Resolver → Browser: "93.184.216.34"
Browser → Connects to 93.184.216.34:80
Intermediate
Q: What is the difference between recursive and iterative DNS queries? When is each used?
A:
Recursive Query:
- Client asks resolver: "What's the IP of example.com?"
- Resolver does all the work (queries root, TLD, authoritative)
- Resolver returns final answer to client
- Used by: Clients querying DNS resolvers
Iterative Query:
- Client asks server: "What's the IP of example.com?"
- Server responds: "I don't know, but ask this other server"
- Client must query the next server itself
- Used by: DNS resolvers querying DNS hierarchy (root, TLD, authoritative)
Flow:
Client → Resolver (recursive): "example.com?"
Resolver → Root (iterative): "example.com?"
Root → Resolver: "Ask .com TLD at 192.5.6.30"
Resolver → TLD (iterative): "example.com?"
TLD → Resolver: "Ask example.com NS at 199.43.135.53"
Resolver → Authoritative (iterative): "example.com?"
Authoritative → Resolver: "93.184.216.34"
Resolver → Client: "93.184.216.34" (final answer)
Why this design?
- Efficiency: Resolvers cache results for multiple clients
- Load distribution: Root/TLD servers don't handle all queries
- Security: Authoritative servers only serve their domains
Senior
Q: Design a high-performance DNS resolver that handles millions of queries per second.

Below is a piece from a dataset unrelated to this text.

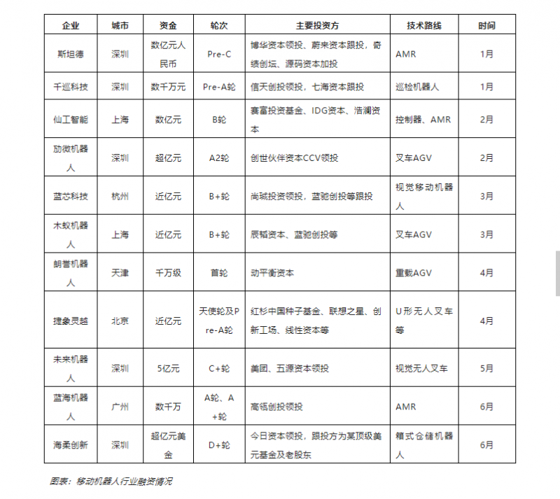 從資金投入來看,大部分企業(yè)融資金額都在億元級(jí)以上,其中,海柔創(chuàng)新與未來機(jī)器人兩家企業(yè)在上半年拿到了行業(yè)最多的融資。

How do you implement caching, handle DNS failures, and ensure low latency?
A:
class HighPerformanceDNSResolver {
private cache: DNSCache;
private upstreamResolvers: string[];
private queryQueue: QueryQueue;
private stats: ResolverStats;
constructor() {
// Multi-level cache
this.cache = new MultiLevelCache({
l1: new InMemoryCache(100000), // Hot cache
l2: new RedisCache(), // Distributed cache
l3: new PersistentCache() // Disk cache
});
// Multiple upstream resolvers for redundancy
this.upstreamResolvers = [
"8.8.8.8",
"1.1.1.1",
"9.9.9.9"
];
// Query batching and queue
this.queryQueue = new QueryQueue({
batchSize: 100,
batchTimeout: 10 // ms
});
}
// 1. Caching Strategy
async resolve(hostname: string, recordType: string = 'A'): Promise<DNSRecord> {
const cacheKey = `${hostname}:${recordType}`;
// Check cache (multi-level)
const cached = await this.cache.get(cacheKey);
if (cached && !this.isExpired(cached)) {
this.stats.recordCacheHit();
return cached.value;
}
// Cache miss: resolve
const record = await this.resolveUpstream(hostname, recordType);
// Cache with TTL
await this.cache.set(cacheKey, record, { ttl: record.ttl });
this.stats.recordCacheMiss();
return record;
}
// 2. Upstream Resolution with Failover
async resolveUpstream(hostname: string, recordType: string): Promise<DNSRecord> {
// Try resolvers in order
for (const resolver of this.upstreamResolvers) {
try {
const record = await this.queryWithTimeout(resolver, hostname, recordType, 100);
return record;
} catch (error) {
this.stats.recordResolverFailure(resolver);
continue; // Try next resolver
}
}
throw new Error("All DNS resolvers failed");
}
// 3. Query Batching
async batchResolve(queries: Query[]): Promise<Map<string, DNSRecord>> {
// Group queries by upstream resolver
const batches = this.groupByResolver(queries);
// Execute batches in parallel
const results = await Promise.all(
Array.from(batches.entries()).map(([resolver, batch]) =>
this.batchQuery(resolver, batch)
)
);
return this.mergeResults(results);
}
// 4. Negative Caching
async resolveWithNegativeCache(hostname: string): Promise<DNSRecord | null> {
const cacheKey = `negative:${hostname}`;
// Check negative cache (NXDOMAIN)
const negative = await this.cache.get(cacheKey);
if (negative) {
return null; // Domain doesn't exist
}
try {
return await this.resolve(hostname);
} catch (error) {
if (error.code === 'NXDOMAIN') {
// Cache negative result (shorter TTL)
await this.cache.set(cacheKey, null, { ttl: 60 });
}
throw error;
}
}
// 5. Prefetching and Preloading
async prefetchCommonDomains(): Promise<void> {
const commonDomains = [
'google.com',
'facebook.com',
'amazon.com',
// ... top domains
];
// Prefetch in background
Promise.all(
commonDomains.map(domain => this.resolve(domain).catch(() => {}))
);
}
// 6. Monitoring and Health Checks
async healthCheck(): Promise<HealthStatus> {
const checks = await Promise.all([
this.checkUpstreamResolvers(),
this.checkCacheHealth(),
this.checkQueryLatency()
]);
return {
healthy: checks.every(c => c.healthy),
resolvers: checks[0],
cache: checks[1],
latency: checks[2]
};
}
}
// 7. DNS over HTTPS (DoH) / DNS over TLS (DoT)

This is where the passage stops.